Filed as #2255. This PR pins both observables in paired
CPU vs GPU tests (test_nan_burn_overlaps_max_cpu_propagates,
test_nan_burn_overlaps_max_gpu_suppresses_nan,
test_nan_burn_single_geom_max_gpu_returns_neg_inf) so the divergence
is visible in CI until the GPU kernels are aligned with the CPU
is_first semantics.

State updates

  • .claude/sweep-test-coverage-state.csv: rasterize row updated with
    pass-2 notes, severity_max=HIGH, categories_found=1;2;3,
    issue=2255.

Test plan

  • All 58 new tests pass on a CUDA host
    (pytest xrspatial/tests/test_rasterize_coverage_2026_05_21.py)
  • Pre-existing 417 rasterize tests still pass
    (pytest xrspatial/tests/test_rasterize*.py)
  • Source files untouched (only adding tests + state CSV)
  • CI runs the new tests on CPU and GPU hosts

Adds test_rasterize_coverage_2026_05_21.py with 58 tests closing the
remaining public-API coverage gaps after pass-1 (2026-05-17):

- Cat 2 HIGH +/-Inf and NaN burn values across all four backends:
  +Inf / -Inf burn under default merge; Inf + finite under sum stays
  Inf; Inf + (-Inf) under sum collapses to NaN; min(Inf, 1.0) and
  max(-Inf, 1.0) pick the finite value; Inf-as-bound rejected with
  the same ValueError as NaN-as-bound (pass-1 only tested NaN bound).
  NaN-burn polygon, point, and line each pin the rasterized cell.
- Cat 1 MEDIUM nested GeometryCollection across all four backends.
  rasterize.py:1995 documents recursive unpacking but only flat GCs
  were tested. Deeply-nested-3-levels eager test pins that the
  recursion depth limit is not 1 or 2.
- Cat 1 MEDIUM columns= (multi-column properties) parity on cupy and
  dask+cupy (TestMultiColumn covered numpy / dask+numpy only). Pin
  three-column props on GPU so the (N, P) loop survives the kernel
  boundary.
- Cat 3 LOW rectangular-pixel parity (resolution=(rx, ry), rx != ry)
  across all four backends.

Tests surfaced a cross-backend bug: GPU max/min merge silently
suppresses NaN burn values (CPU keeps NaN per IEEE; GPU returns the
finite value or the -inf buffer init). Filed as issue #2255 and
pinned both observables in paired CPU / GPU tests so the divergence
is visible in CI until the GPU kernels are aligned.

Source untouched. All 58 new tests pass on a CUDA host; pre-existing
417 rasterize tests still pass.
@github-actions github-actions Bot added the performance PR touches performance-sensitive code label May 21, 2026
Copy link
Copy Markdown
Contributor Author

@brendancol brendancol left a comment

Choose a reason for hiding this comment

The reason will be displayed to describe this comment to others. Learn more.

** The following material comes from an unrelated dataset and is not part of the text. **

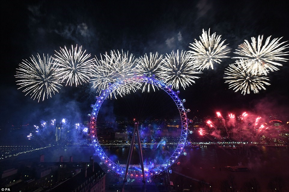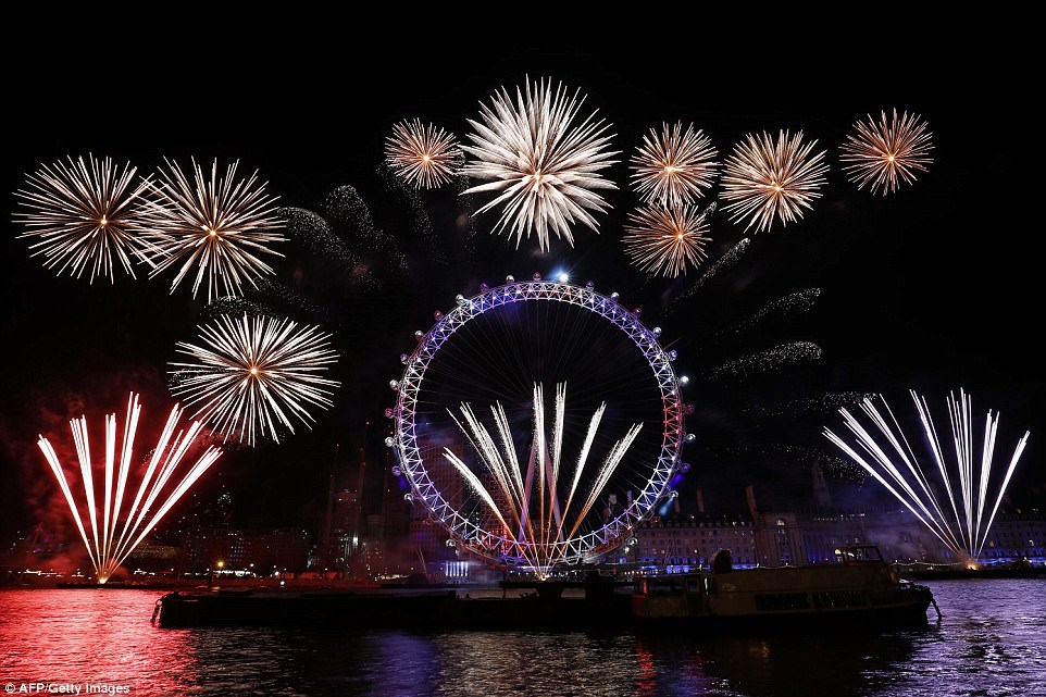 Περισσότεροι από 250.000 κάτοικοι και επισκέπτες κατέκλυσαν τους δρόμους του γιορτινού Λονδίνου για να απολαύσουν την έλευση του νέου έτους. Όλα τα διάσημα αξιοθέατα της βρετανικής πρωτεύουσας “βούλιαξαν” από τον κόσμο που παρακολουθούσε εκστασιασμένος την πλημμυρίδα πυροτεχνημάτων στον λονδρέζικο ουρανό σε ένα σόου που κράτησε 12 ολόκληρα λεπτά.
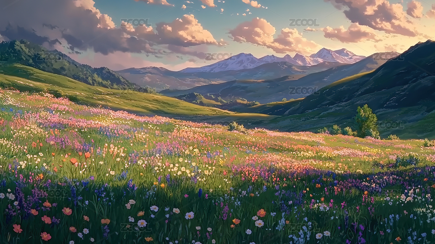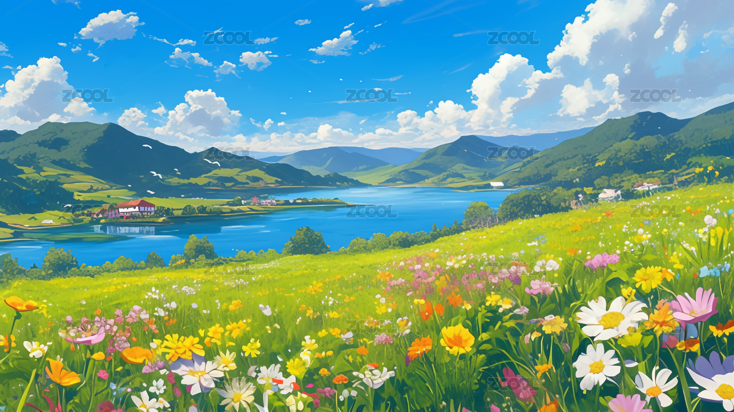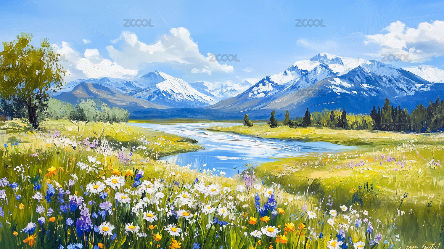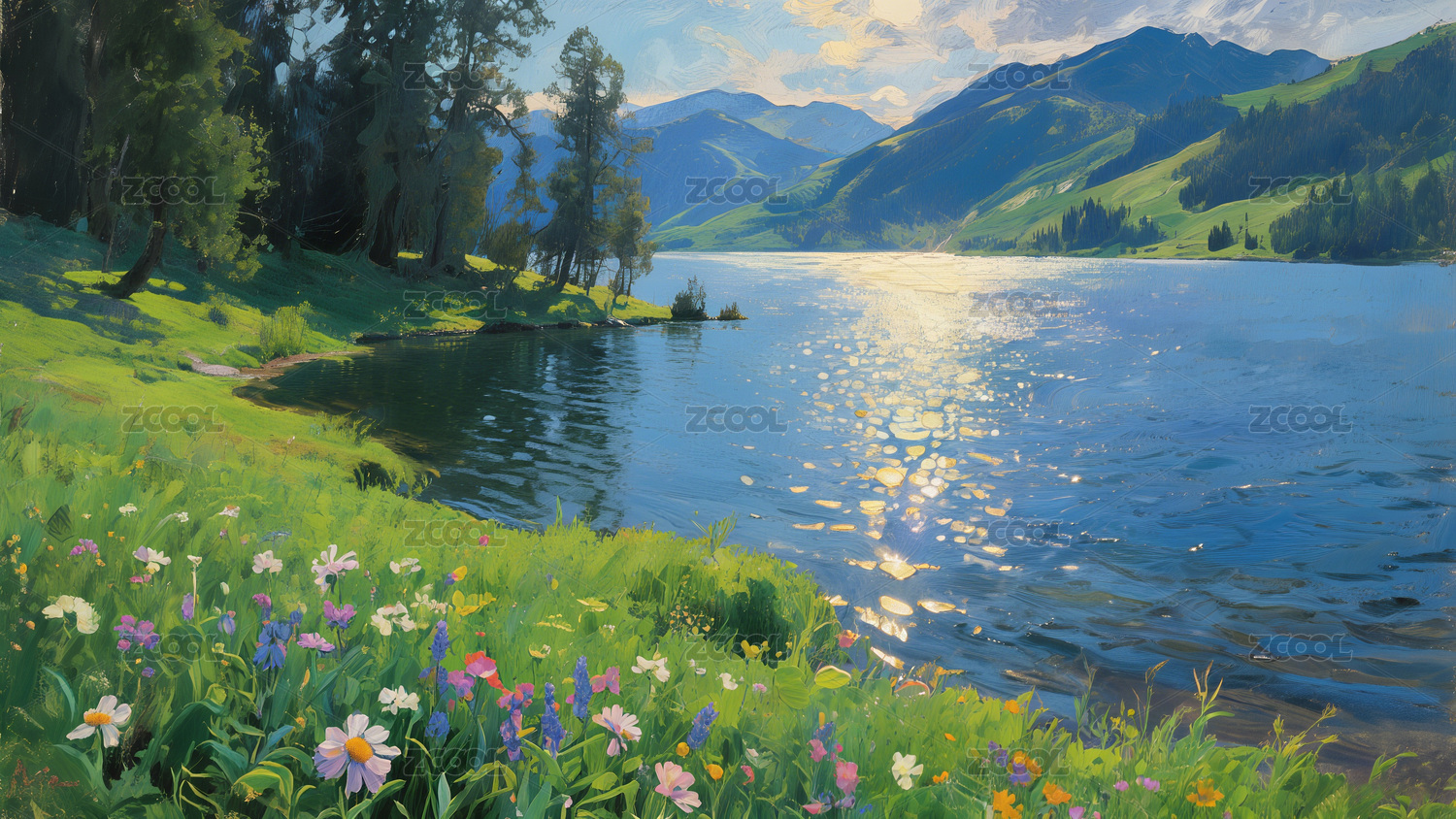 夏天,现代油画,远山,草地,树木,花朵,湖水,阳光,梦幻,唯美

PR Review: rasterize sweep-test-coverage pass 2

Summary

Tests-only PR (xrspatial/tests/test_rasterize_coverage_2026_05_21.py, +547/-0) adding 58 tests across four buckets: Inf/NaN burn values, nested GeometryCollection, GPU multi-column, rectangular pixels. State CSV updated (+1/-1). No source changes. All 58 new tests pass locally, and CI is green on macOS/Ubuntu/Windows + py3.14. The 206 pre-existing rasterize tests still pass (verified locally).

Blockers

None.

Suggestions

None.

Nits

  • test_inf_bounds_rejected (lines 208-219) matches on "must be finite", which also appears in the resolution-validation error at xrspatial/rasterize.py:3101 ("resolution must be finite and > 0"). The path the test targets is at rasterize.py:3078-3081: "Invalid bounds: all of (xmin, ymin, xmax, ymax) must be finite, ...". The regex still hits the right path today because the resolution path is not reached, but r"Invalid bounds:.*must be finite" would be safer against a future refactor that shuffles validation order. Verified manually that the test triggers the bounds path today.
  • TestNaNBurnValues references issue #2255 in a comment at line 283. Putting that reference (or a module-level ISSUE_2255 = ... constant) on the class docstring too would make it easier to find when the GPU max kernel is later aligned and the ..._gpu_suppresses_nan / ..._gpu_returns_neg_inf tests need to be inverted.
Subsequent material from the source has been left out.